A government-owned or controlled corporation may be sued. A suit against it is not a suit against the State, because it has a separate juridical personality. (Social Security Systems v. Court of Appeals, GR. No. L- 41299, February 21, 1983, 120 SORA 707)
6.) Annika sued the Republic of the Philippines, represented by the Director of the Bureau of Plant Industry, and asked for the revocation of a deed of donation executed by her in favor of said Bureau. She alleged that, contrary to the terms of the donation, the donee failed to install lighting facilities and a water system on the property donated, and to build an office building and parking lot thereon, which should have been constructed and made ready for occupancy on or before the date fixed in the deed of donation. The Republic invoked state immunity and moved for the dismissal of the case on the ground that it had not consented to be sued. Should the Republic's motion be granted?

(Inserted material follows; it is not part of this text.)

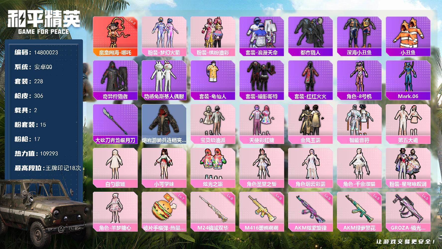 [14800281]das7858 可二次实名 安卓q-1红装4稀有2载具15粉装17特效呛22热门228套装306呛皮 109293热力值 18印记 历史卓越王牌20星 魔童闹海-哪吒 3级 都市猎人 梦幻火箭 宝贝奶油派 天使彩虹糖 缤纷油彩 【1红装】 魔童闹海-哪吒 3级 【4稀有】 奇异狩猎者 awm-黄金龙骨 都市猎人 浪漫天命 【2载具】 时空跃影星辉银 星梦玉骢 【15粉装】 圣堂之誓 梦幻火箭 宝贝奶油派 天使彩虹糖 千金淑猫 金风玉露 烟云彩露 炫光之旅 星穹咏叹调 羊梦糖心 白勺歌姬 小可学妹 智能音符 缤纷油彩 第五大道 【17特效呛】 m416-五爪金龙 1级 scar-l-金蛇镇世 3级 p90-魔童闹海敖丙 3级 akm-炫紫旋律 5级 akm-绿萝繁花 5级 kar98k-巳巳如意 5级 dp-28-豹影疾电 5级 aug-暖羊咩咩 5级 p90-能量风暴 1级 m200-梦海之灵 3级 mk14-精灵梦叶罗丽 4级 m24-镜域双华 6级 groza-镜光银凌 5级 m416-暖熊萌萌 6级 m24-莲影清波 1级 scar-l-青春物语 2级 破片手留单-热量炸弹 7级 【22热门】 8号机 mark.06 小丑鱼 龟仙人 浪漫假日 雪山精英 动感兔斯基 爱崽白熊 呆萌铁蟹 鹰眼刺客 迅捷狂鲨 深海小丑鱼 jteam战队服 暗影哥特 狂沙舞者 漫步者 破蛋小黄鸡 弄潮海豚 akm-奇异狩猎者 m762-奇异狩猎者 m24-奇异狩猎者 s686-奇异狩猎者 【5飞行器】 龙翔九天飞行器 梦幻火箭飞行器 深渊漩涡飞行器 拂晓神骑飞行器 黄族统领飞行器 【4头盔】 梦幻火箭头盔 甜心宝贝头盔 金风玉露头盔 深海小丑鱼头盔 【6背包】 梦幻火箭背包 甜心宝贝背包 金风玉露背包 放客神游背包 萌熊伴侣背包 深海小丑鱼背包

The motion of the Republic should be granted. There appears to be no consent on the part of the State to be sued.
In Section 3, Article XVI of the Constitution it is provided that: “The State shall not be sued without its consent.”
That no consent was given by the Republic is shown by the fact that the Bureau or the Government did seem to have complied with the demands of the deed of donation. Compliance with the state immunity is essential for two reasons:
It is required as a provision of the Constitution; and
Immunity is an essential element of state sovereignty.